By: Cassidy Delamarter, University Communications and Marketing
New details have emerged about the history of one of St. Augustine’s most popular tourist attractions. University of South Florida Spanish Professor David Arbesú tediously pieced together documents that were scattered around the world that helped connect the dots about the life of Francisco López de Mendoza Grajales, believed to be the first priest in the United States. An 11-foot statue of him is located on the grounds of Mission Nombre de Dios near Matanzas Bay.
As published in the Florida Historical Quarterly, “The First Man to Plant the Holy Gospel in Florida” chronicles Mendoza’s journey in helping establish the first permanent Christian mission in the United States and his role in what many scholars believe was the first Thanksgiving feast.
Mendoza, who we now know lived from 1527 to 1586, sailed across the Atlantic in 1565 alongside Pedro Menéndez de Avilés, who was tasked by the King of Spain to remove French settlers and establish a colony in Florida. After the three-month expedition, Menéndez founded America’s first city, St. Augustine, where Mendoza would play a crucial role.
“He brought Catholicism to America and gave the first Christian mass in the United States,” Arbesú said. “As important as Mendoza may have been for the early history of Florida, all we knew about his life were the first four years he spent in Florida – that’s it.”
After finding Mendoza’s baptismal records that were recently made public by a church in Spain, Arbesú was able to pinpoint the year Mendoza was born and from there, piece together a timeline of what his life was like before and after he joined Menéndez’s expedition.
At 38 years old, Mendoza began the three-month expedition to Florida, where Arbesú believes he stayed for about seven years before moving back to his native community in Spain.

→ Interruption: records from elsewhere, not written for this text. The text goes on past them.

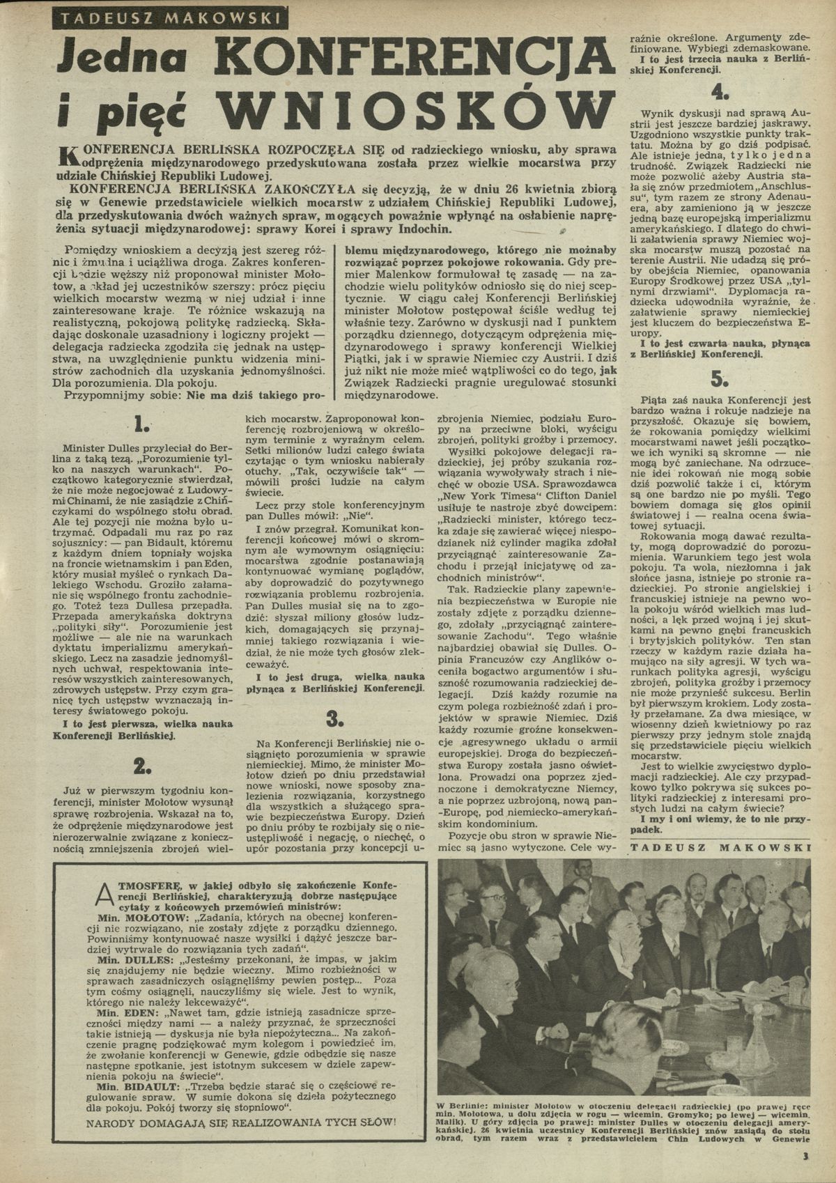 Archiwum / Przekrój tygodnia nr 464 (09/1954) 08/10 Podziel się Tytuł Jedna konferencja i pięć wniosków Autor Tadeusz Makowski Rubryka Przekrój tygodnia Artykuł z numeru 464 (9/1954) Data wydania 28 lutego 1954 Tagi polityka Dulles Mołotow Konferencja Czterech Konferenscja Berlińska
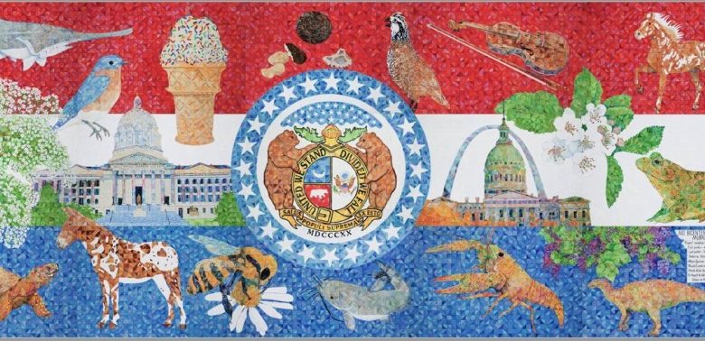 The large-scale mural was recently installed inside Harry’s Place Cafeteria, 4th floor of the Truman State Office Building, for the public to enjoy. The mural features 19 state symbols to commemorate Missouri’s 200 years of statehood.
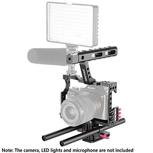 Neewer Film Movie Making Camera video Gabbia Kit con maniglia per Sony A7 A7S A7SII A7R A7RII A7II A6000 A6300 A6500 Panasonic GH4 GH3 Telecamere, Segue Fuoco, Matte Box, Microfono,LED,Monitor,Flash
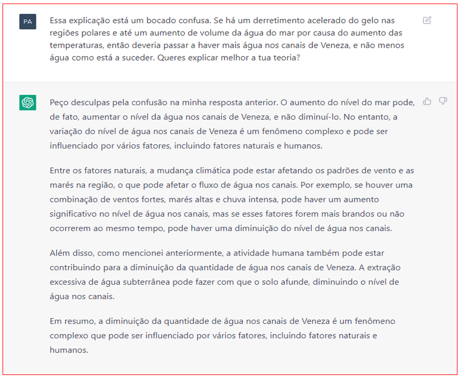 ChatGPT – Peço desculpas pela confusão na minha resposta anterior. O aumento do nível do mar pode, de fato, aumentar o nível da água nos canais de Veneza, e não diminuí-lo. No entanto, a variação do nível de água nos canais de Veneza é um fenômeno complexo e pode ser influenciado por vários fatores, incluindo fatores naturais e humanos.
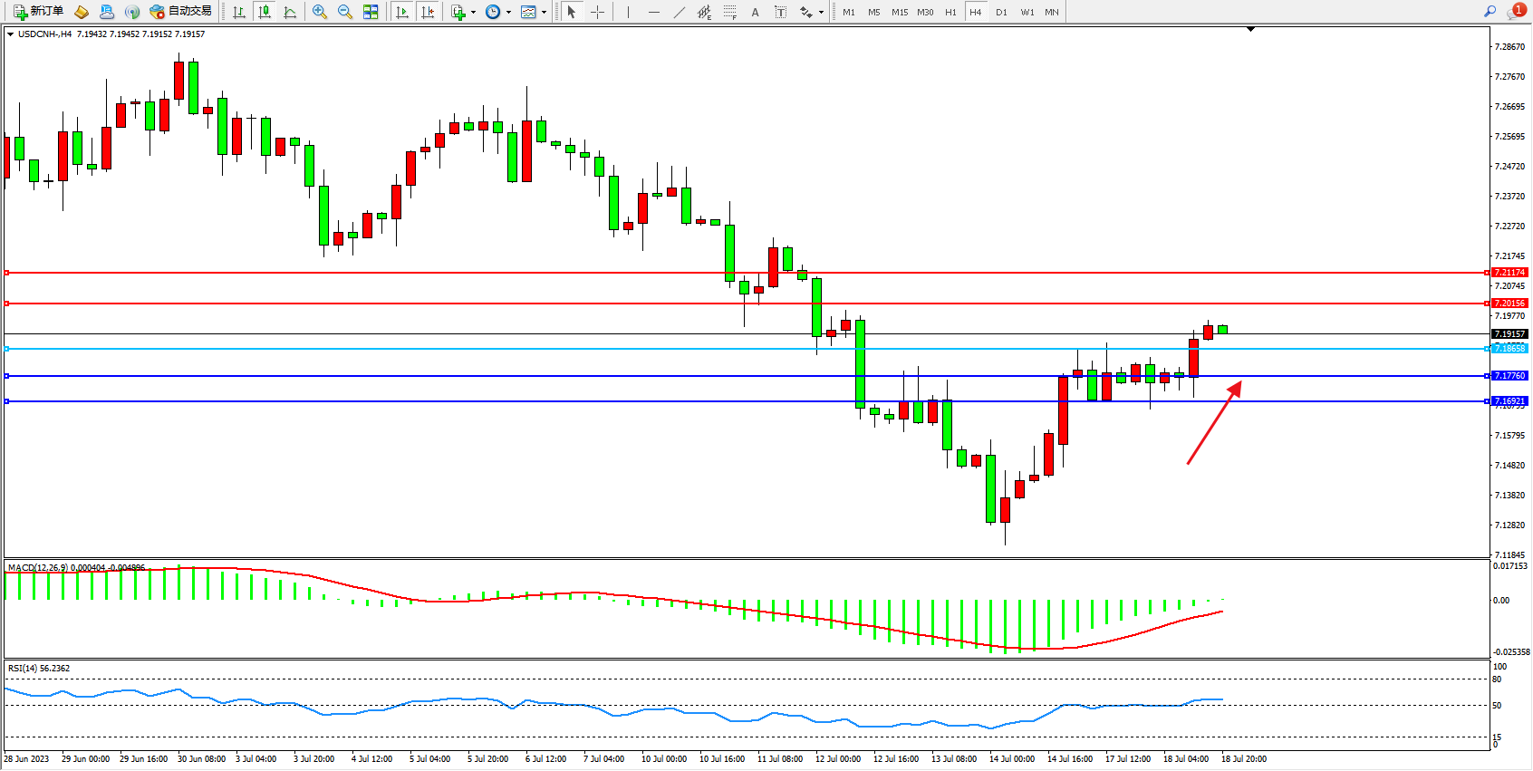 交易策略:7.18658上方看涨,目标7.20156  7.21174
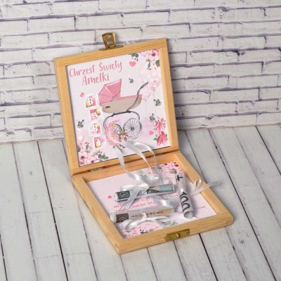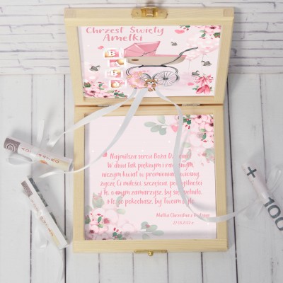 DREWNIANE I BARDZO EFEKTOWNE PUDEŁKO NA PIENIĄDZE – NIEZWYKŁY PREZENT NA CHRZEST DLA DZIEWCZYNKI
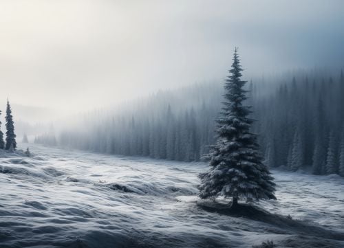Plakat z serii pejzaże zatytułowany Samotna Choinka. Ta grafika ukazuje malowniczy, zimowy krajobraz z dominującą pojedynczą, okazałą choinką pokrytą śniegiem. Otoczona przez delikatnie zasnutej mgłą lasy, podkreśla spokój i majestatyczną ciszę zimy. Delikatne odcienie błękitu i bieli tworzą wrażenie chłodu i spokoju. Ten plakat będzie idealnym dodatkiem do każdego wnętrza, gdzie chcemy wprowadzić atmosferę spokoju i kontemplacji, świetnie sprawdzi się w przestrzeniach takich jak gabinety relaksacyjne, spa, a także jako element dekoracyjny w domowych salonach lub sypialniach.
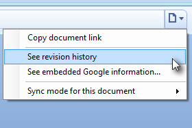 Sedaj poleg povezava kliknite na ikono dokumenta in izberite možnost See revision history.
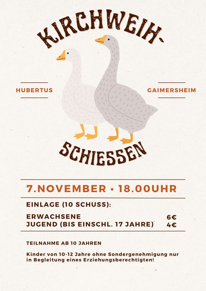 am Freitag, 7. November findet unser traditionelles Kirchweihschießen statt, zu dem wir euch alle recht herzlich einladen möchten.
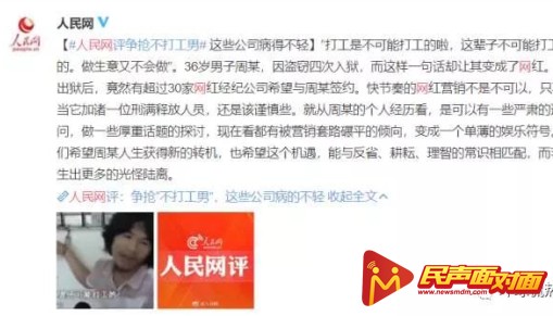 有人指出周某已经接受改造,得饶人处且饶人,当然他选择改过自新重新做人,社会愿意接纳他,成为一个普通人就好。大家请理智思考,把一个四次入狱的小偷捧成网红,给我们的年轻人带来什么价值观?但是,为了炒作无底线的营销还在中国肆意进行着,这场病毒带给国人尤其是年轻人的残害比新冠病毒还要严重。
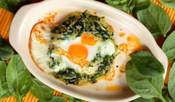 Измийте добре спанака и го сложете в незалепващ съд с малко вода. Добавете на ситно нарязания чесън и задушете докато спанакът омекне. В отделни подходящи купички наредете готовия спанак, прибавете...

After a couple of years, Mendoza moved to Nicaragua, according to new documents Arbesú discovered in Oklahoma. There, Mendoza held several distinguished roles in the León Cathedral – a World Heritage Site – before eventually becoming Commissary of the Holy Inquisition as he continued to spread Catholicism in the Americas.
“These records trace the priest’s lineage back to the Middle Ages and reveal a previously unknown side of his personality,” Arbesú said. “This new evidence allows researchers to revisit all the records on Mendoza’s life to clarify aspects, correct mistakes and ultimately understand the first parish priest in the continental United States.”
The biography reveals details of his life for the first time, including the name Francisco Grajales de Mendoza he used when he was younger, the fact he likely practiced cannibalism to survive the winter of 1565 to 1566 and the witness account of him fighting at knifepoint over a woman. But the most moving: Letters Arbesú found in the National Archives of Mexico that determined the exact date of Mendoza’s death.
“He wrote to the inquisitors of Mexico City that he had become so ill that he was ‘in the last trance and end of my life’,” Arbesú said. “It was a touching letter to read after studying his life for so long. To see him get to a point where he could not even sign his name, it was emotional.”